The proportion of outside directors in the board of directors, which monitors and checks corporate owners, should be increased.
Jung Seong-yeop, head of Morrow Sodali's Korean division, emphasized this during an interview with ChosunBiz on the 18th regarding ways to advance the governance of domestic small and medium-sized enterprises.
Morrow Sodali is one of the world's three largest consulting firms for shareholder identification and recommendations, advising on corporate board evaluations and annual general meeting responses.
Jung, who oversees Morrow Sodali's operations in Korea, is an expert in corporate governance and has previously served as the head of the Policy Analysis Division at the Daishin Economic Research Institute and head of the ESG department. Morrow Sodali Global changed its name from Sodali & Co. last July, and the Korean corporation is expected to change its name soon.
Outside directors are those who do not belong to the company's management and serve to monitor major shareholders, that is, corporate owners, and internal directors. Under current corporate law, listed corporations with total assets of over 2 trillion won must have more than half (50%) of their board composed of outside directors. For listed corporations with assets under 2 trillion won, this figure is 25%.
◇ Current outside director proportion of 25%, should be increased
Jung noted, “To prevent unilateral management by corporate owners, the proportion of outside directors under corporate law should be increased,” and added, “It is particularly important to closely examine the governance of corporations with total assets of less than 2 trillion won.”
He explained, “While it may be considered reasonable to worry about the burden of costs and reduced decision-making speed when organizing a board for smaller companies, that does not mean that the board can operate independently without oversight.” He further stated, “There should also be a process in place where an independent outside director recommendation committee, free from owner influence, can recommend and appoint independent outside directors.”
It is important not only to increase the proportion of outside directors but also to prevent outside directors from becoming mere "rubber stamps" for owners. Jung pointed out, “In the case of small and medium-sized enterprises, there are instances where outside directors are appointed who have ties to the owner, which inevitably reduces the independence of outside directors.”
Jung continued, “In the past, the domestic capital market was small and not complex, allowing for rapid decision-making by owners to enable corporate growth, but now the market has grown and become more complicated, making it risky for a single owner’s decision to drive the company.”
Jung emphasized that establishing an audit committee is also important for advancing the governance of small and medium-sized enterprises. According to data from Samil Accounting Corporation in 2024, the average proportion of outside directors in companies with total assets under 2 trillion won that have established an audit committee is 49%, whereas those without an audit committee have a proportion of outside directors at 29%.

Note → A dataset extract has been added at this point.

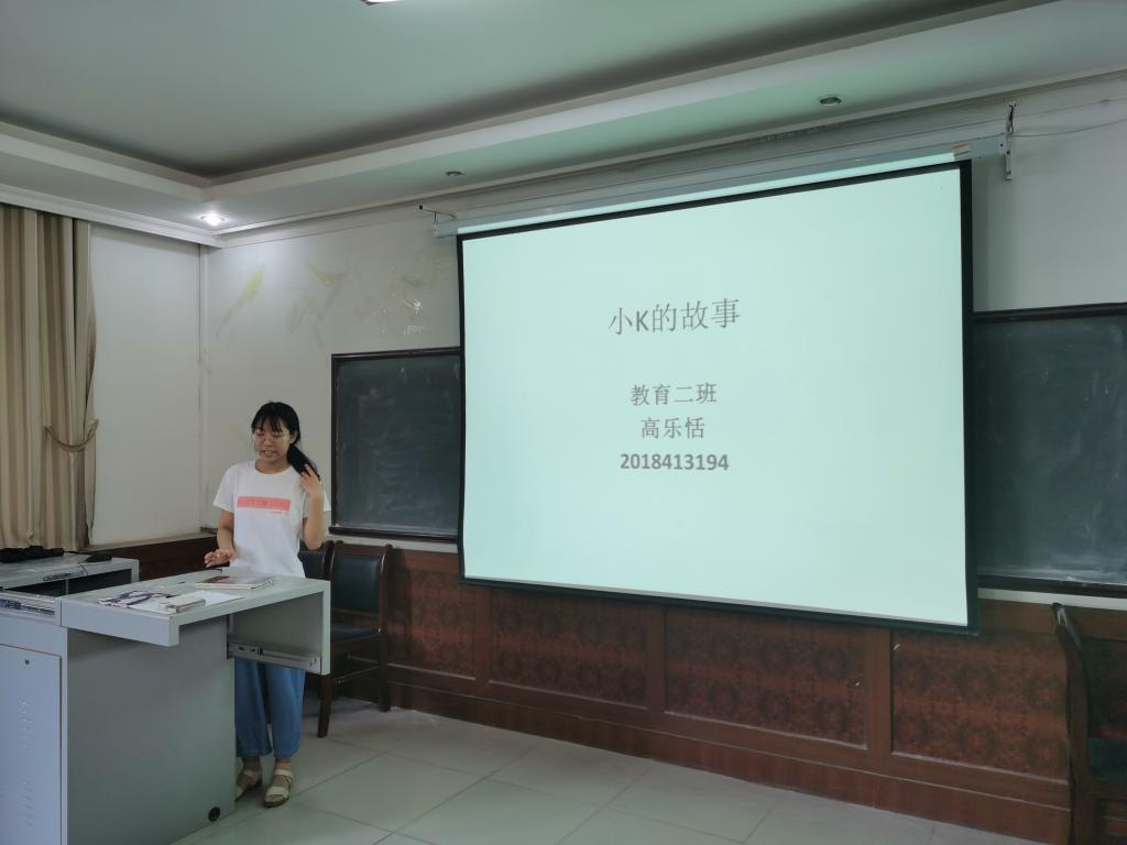 教育二班高乐恬同学在实习中观察细致,体贴同学。在实习分享会上,她绘声绘色地讲述了她与小K的故事。当讲到小K的原生家庭境况悲惨时,观众席下已有人眼圈红润,泪眼婆娑,对小K的遭遇产生了共情。

Jung stated, “We should not just rush to meet the standard of 25% for the proportion of outside directors in the board; enhancing effective monitoring and oversight functions, such as establishing an audit committee, is key.”
◇ Owner risk, unmanageable by the owner... The role of the board is essential
Managing owner risk is also a critical aspect. Owner risk affects not only the company's stock price but also its corporate image. A representative example is Baek Jong-won, head of Theborn Korea, who has faced fierce criticism over issues like the "Baekham" controversy, leading to a continuous decline in stock prices.
Jung pointed out, “If owner risk arises in a corporation, it is crucial for the board to be accurately aware of the issue and address it,” adding, “However, in the case of small and medium-sized enterprises, often problems are not examined by the board, and owners tend to try to control matters directly.”
He added, “Owners themselves are often unable to make rational judgments regarding their issues,” emphasizing that “a listed corporation is not an owner-controlled entity. The management should be based on the board.”